You will be able to do the following by the conclusion of this section:

  • Realize the distinction between race and ethnicity
  • And Define a majority group (also known as the dominating group)
  • Distinguish between a minority group (also known as a subordinate group)

The phrases “race,” “ethnicity,” and “minority group” are sometimes used interchangeably by students when they first attend a sociology course; nevertheless, to a sociology professional, these three terms have unique connotations. Although superficial physical distinctions are considered important by certain societies, the concept of race is used to allude to common cultural differences that are not considered relevant by others. Furthermore, the phrase “minority groups” refers to groups that are subservient or lack authority in society, regardless of their skin color or place of origin.

10% of nursing home employees admitting to physically assaulting an old person in the previous year, and 40% admitted to perpetrating psychological abuse against an elderly person in the same time period (World Health Organization 2011).

What Is Race?

Historical developments have shifted the notion of race across time, across cultures, and has grown increasingly disconnected from ancestral and family ties while becoming increasingly preoccupied with superficial physical qualities. In the past, race theorists have proposed classifications of race based on factors such as geographic location, ethnicity, skin color, and other characteristics.
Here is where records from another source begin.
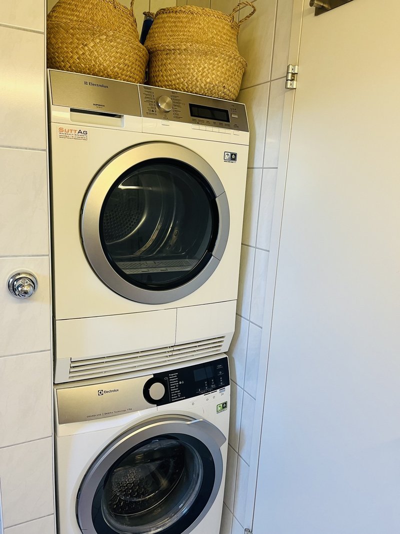 Badezimmer mit eigener Waschmaschine und Trockner.
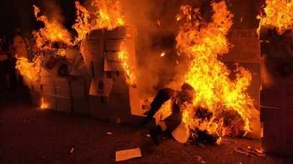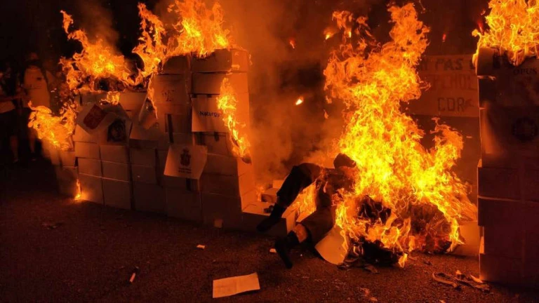 Los CDR inician una marcha no comunicada a Mossos y queman un muñeco del rey
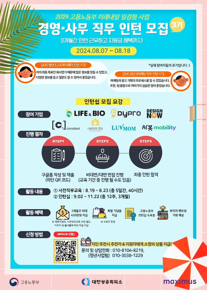 📞 (주)맥시머스 청년사업팀 : 010-8104-8219

Their designations for racial categories have connoted geographic places (such as Mongolia and the Caucus Mountains) or skin tones (such as tan and brown) (black, white, yellow, and red, for example).

  • Because of the neglect of the typology of race that formed during the early days of racial research, social construction of race has emerged as a more sociological approach of interpreting racial categories.
  • Race is not physiologically distinguishable (Omi and Winant 1994; Graves 2003).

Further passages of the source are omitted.